#### [Work instructions]
Look through the records below for the line with "Если пандус расположен". Return that line and each one after it up to and including the line with "证券之星消息,3月25日惠升", exactly.

#### [Available data]
────────────────────────────────────────

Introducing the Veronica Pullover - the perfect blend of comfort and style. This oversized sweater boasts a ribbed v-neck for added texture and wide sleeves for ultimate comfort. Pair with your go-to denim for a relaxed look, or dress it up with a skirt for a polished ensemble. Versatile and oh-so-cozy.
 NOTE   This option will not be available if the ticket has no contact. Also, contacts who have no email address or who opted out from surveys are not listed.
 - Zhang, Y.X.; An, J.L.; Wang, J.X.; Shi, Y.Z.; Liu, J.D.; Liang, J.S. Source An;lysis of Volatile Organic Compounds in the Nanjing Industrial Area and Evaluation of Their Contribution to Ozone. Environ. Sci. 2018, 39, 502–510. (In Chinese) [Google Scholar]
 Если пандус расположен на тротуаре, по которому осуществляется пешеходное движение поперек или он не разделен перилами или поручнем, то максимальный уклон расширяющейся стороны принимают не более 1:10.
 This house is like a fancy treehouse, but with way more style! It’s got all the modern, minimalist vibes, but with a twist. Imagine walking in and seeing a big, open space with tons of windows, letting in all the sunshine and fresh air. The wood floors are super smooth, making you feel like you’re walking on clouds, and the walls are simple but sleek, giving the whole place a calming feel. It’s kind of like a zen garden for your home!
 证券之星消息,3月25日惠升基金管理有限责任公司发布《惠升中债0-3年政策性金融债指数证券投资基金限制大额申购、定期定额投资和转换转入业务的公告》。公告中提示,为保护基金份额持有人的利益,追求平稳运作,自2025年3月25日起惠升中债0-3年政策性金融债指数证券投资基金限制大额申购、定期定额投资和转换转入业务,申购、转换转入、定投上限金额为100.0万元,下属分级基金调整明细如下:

────────────────────────────────────────

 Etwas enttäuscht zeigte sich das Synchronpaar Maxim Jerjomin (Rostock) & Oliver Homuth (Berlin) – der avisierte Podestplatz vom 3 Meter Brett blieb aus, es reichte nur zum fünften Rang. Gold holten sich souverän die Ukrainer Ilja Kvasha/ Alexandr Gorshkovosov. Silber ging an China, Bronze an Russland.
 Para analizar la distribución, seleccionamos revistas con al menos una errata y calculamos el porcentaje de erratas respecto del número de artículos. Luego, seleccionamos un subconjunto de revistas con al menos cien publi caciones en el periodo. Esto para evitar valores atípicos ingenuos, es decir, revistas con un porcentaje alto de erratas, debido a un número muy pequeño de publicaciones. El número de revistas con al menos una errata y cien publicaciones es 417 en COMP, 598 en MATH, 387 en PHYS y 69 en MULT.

────────────────────────────────────────

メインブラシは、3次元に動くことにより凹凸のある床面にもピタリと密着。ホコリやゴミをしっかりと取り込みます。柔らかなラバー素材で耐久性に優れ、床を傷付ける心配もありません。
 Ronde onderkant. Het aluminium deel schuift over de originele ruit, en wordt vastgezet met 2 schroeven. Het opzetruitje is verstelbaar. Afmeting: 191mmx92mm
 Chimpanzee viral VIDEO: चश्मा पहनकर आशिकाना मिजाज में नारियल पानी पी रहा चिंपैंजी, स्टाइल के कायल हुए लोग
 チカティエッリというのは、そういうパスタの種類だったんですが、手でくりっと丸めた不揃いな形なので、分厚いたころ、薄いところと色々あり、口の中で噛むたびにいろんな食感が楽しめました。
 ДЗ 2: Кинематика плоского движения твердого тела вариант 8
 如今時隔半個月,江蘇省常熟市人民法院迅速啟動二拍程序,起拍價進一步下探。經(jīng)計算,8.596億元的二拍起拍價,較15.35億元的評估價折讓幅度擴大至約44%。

────────────────────────────────────────

#### [Your solution]
 Если пандус расположен на тротуаре, по которому осуществляется пешеходное движение поперек или он не разделен перилами или поручнем, то максимальный уклон расширяющейся стороны принимают не более 1:10.
 This house is like a fancy treehouse, but with way more style! It’s got all the modern, minimalist vibes, but with a twist. Imagine walking in and seeing a big, open space with tons of windows, letting in all the sunshine and fresh air. The wood floors are super smooth, making you feel like you’re walking on clouds, and the walls are simple but sleek, giving the whole place a calming feel. It’s kind of like a zen garden for your home!
 证券之星消息,3月25日惠升基金管理有限责任公司发布《惠升中债0-3年政策性金融债指数证券投资基金限制大额申购、定期定额投资和转换转入业务的公告》。公告中提示,为保护基金份额持有人的利益,追求平稳运作,自2025年3月25日起惠升中债0-3年政策性金融债指数证券投资基金限制大额申购、定期定额投资和转换转入业务,申购、转换转入、定投上限金额为100.0万元,下属分级基金调整明细如下:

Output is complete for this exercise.